◆ Dataset extract
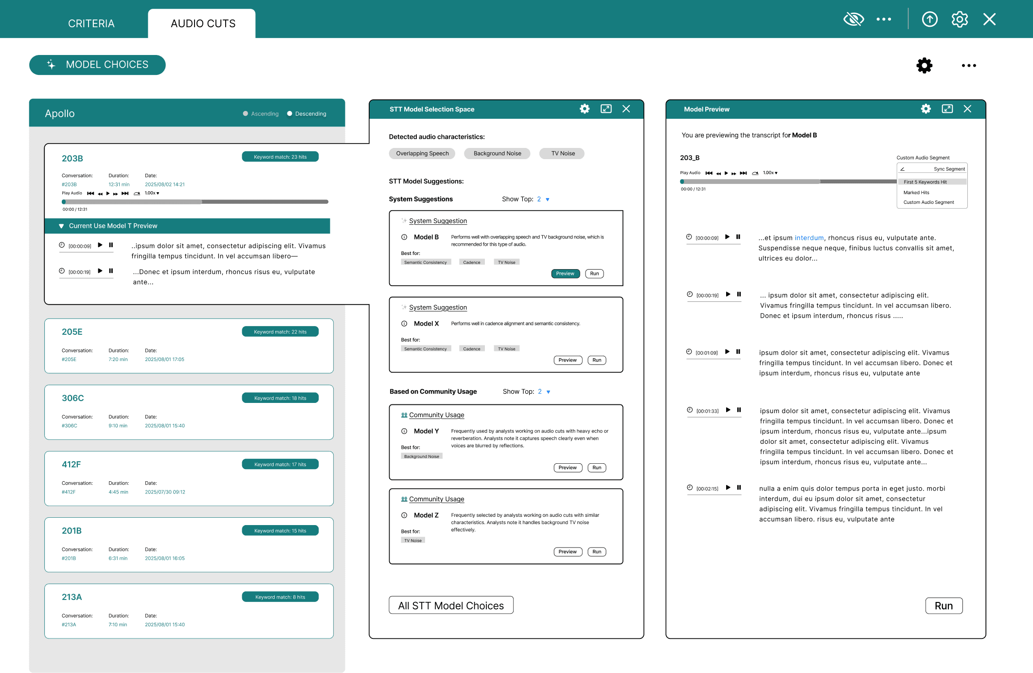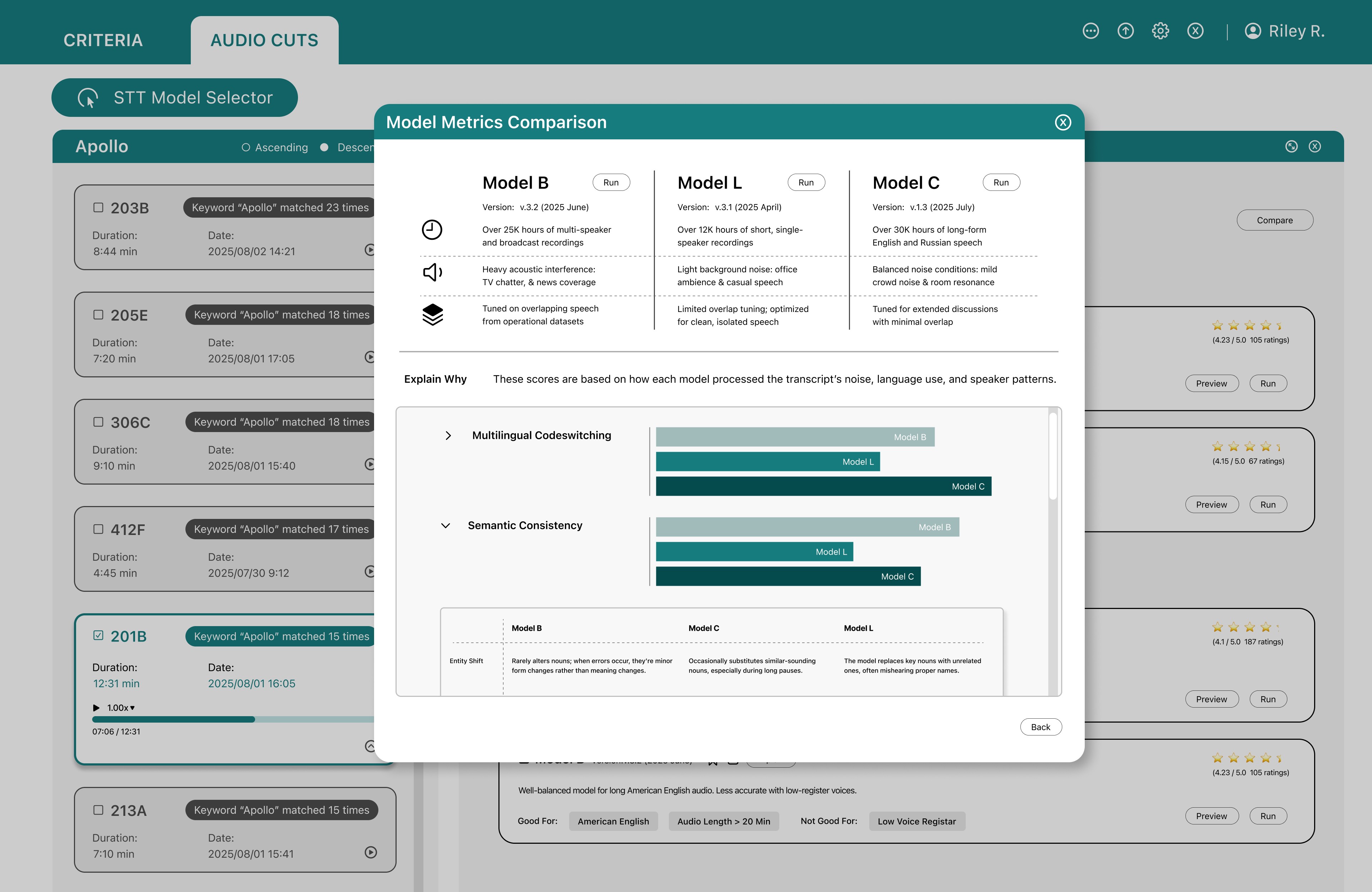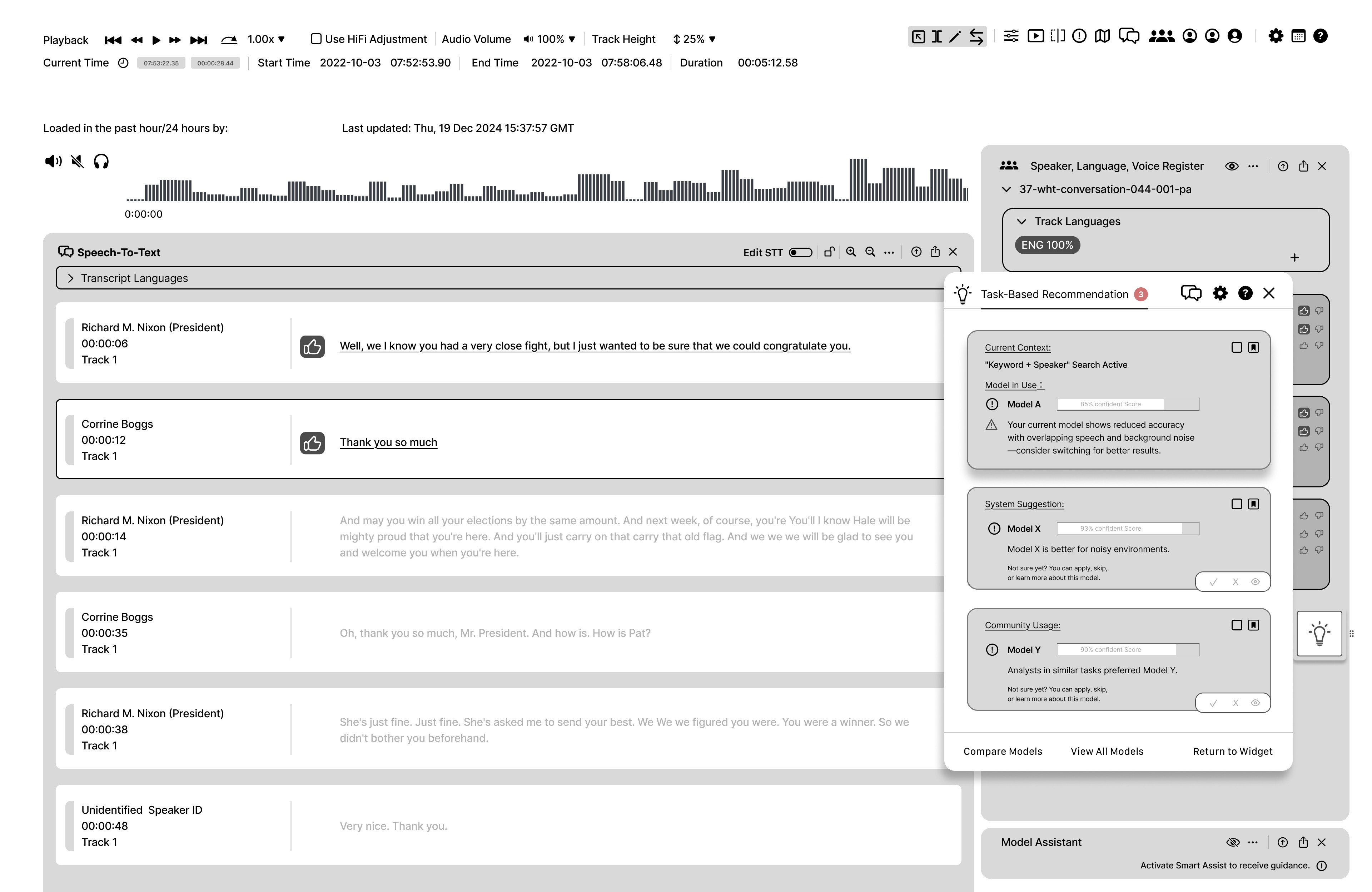 At the time of this project, analysts typically worked with a single speech-to-text (STT) model, limiting their ability to adapt model selection to different audio conditions. This project explored a speculative yet realistic future in which analysts have access to multiple STT models and must select the most suitable one for their specific audio files. Designing for this expanded decision space introduced new challenges around transparency, trust, and confidence.
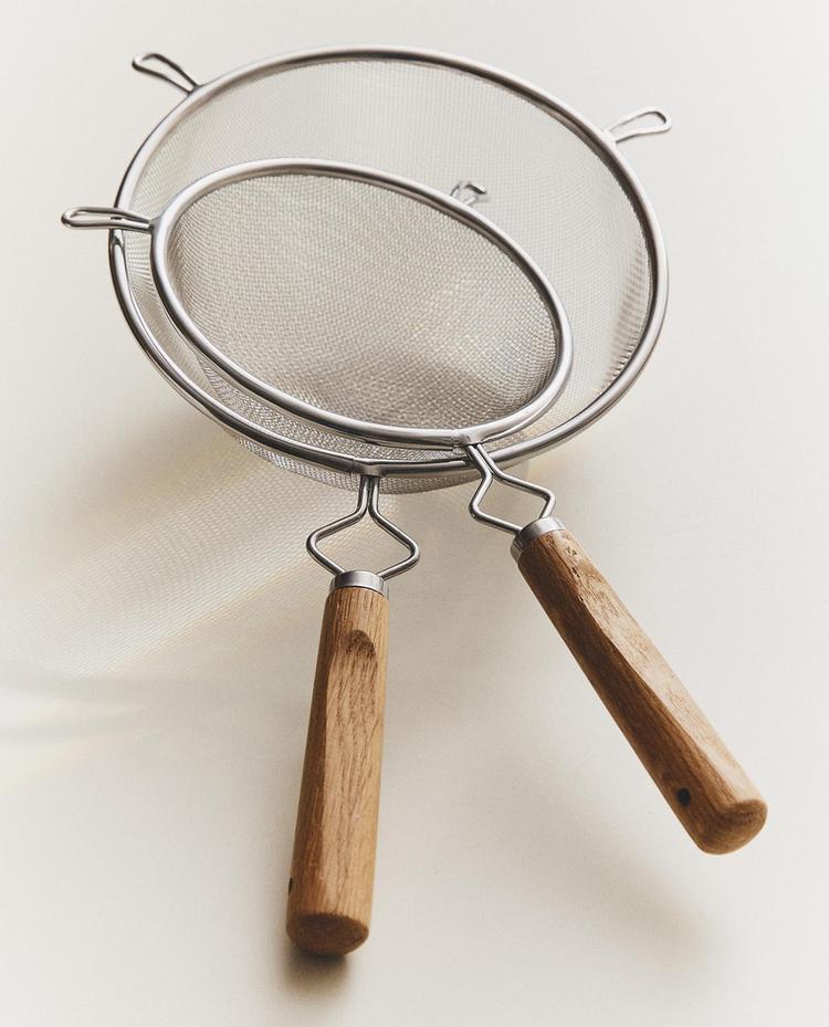 Metalezko iragazkia, altzairuzko sare finekoa eta haritzezko kirtenekoa, forma zirkularrekoa eta alboko euskarriarekin.
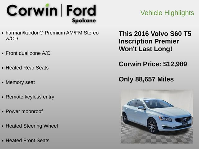 Of course, Volvo is known for safety, and the S60 T5 Inscription is a great safety pick, with low-speed forward collision warning and mitigation, whiplash protection, airbags, and home-safe lighting, to name a few. This is a compelling package of Swedish craftsmanship, safety, performance, and unmatched comfort. You've got to experience the Inscription for yourself! Save this Page and Call for Availability. We Know You Will Enjoy Your Corwin Ford Spokane Test Drive Towards Ownership! See us today at Corwin Ford Spokane. Family owned for over 100 years! Excellent selection of New and Used vehicles, Financing options. Serving Spokane, Pasco, Kennewick, Richland, Walla Walla, Hermiston, Umatilla, Yakima, Sunnyside, Grandview, Dayton, Prescott, Denton County, Franklin County, Yakima County, Spokane County, Adams County, Grant County, and the Greater Columbia Basin. *All Prices plus applicable sales tax, license, and a negotiable documentary service fee up to $200 may be added to sales price or capitalized cost of the vehicle. One vehicle unless otherwise noted and subject to prior sale without notice. While supplies last. EPA mileage estimates are for newly manufactured vehicles only. Your actual mileage will vary depending on how you drive and maintain your vehicle.

◆ Exercise aim
Please restate the lines above exactly, starting at the first line of the data and stopping at the line containing "Metalezko iragazkia, altzairuzko", which is included. Omit pictures.

◆ Expected answer
 At the time of this project, analysts typically worked with a single speech-to-text (STT) model, limiting their ability to adapt model selection to different audio conditions. This project explored a speculative yet realistic future in which analysts have access to multiple STT models and must select the most suitable one for their specific audio files. Designing for this expanded decision space introduced new challenges around transparency, trust, and confidence.
 Metalezko iragazkia, altzairuzko sare finekoa eta haritzezko kirtenekoa, forma zirkularrekoa eta alboko euskarriarekin.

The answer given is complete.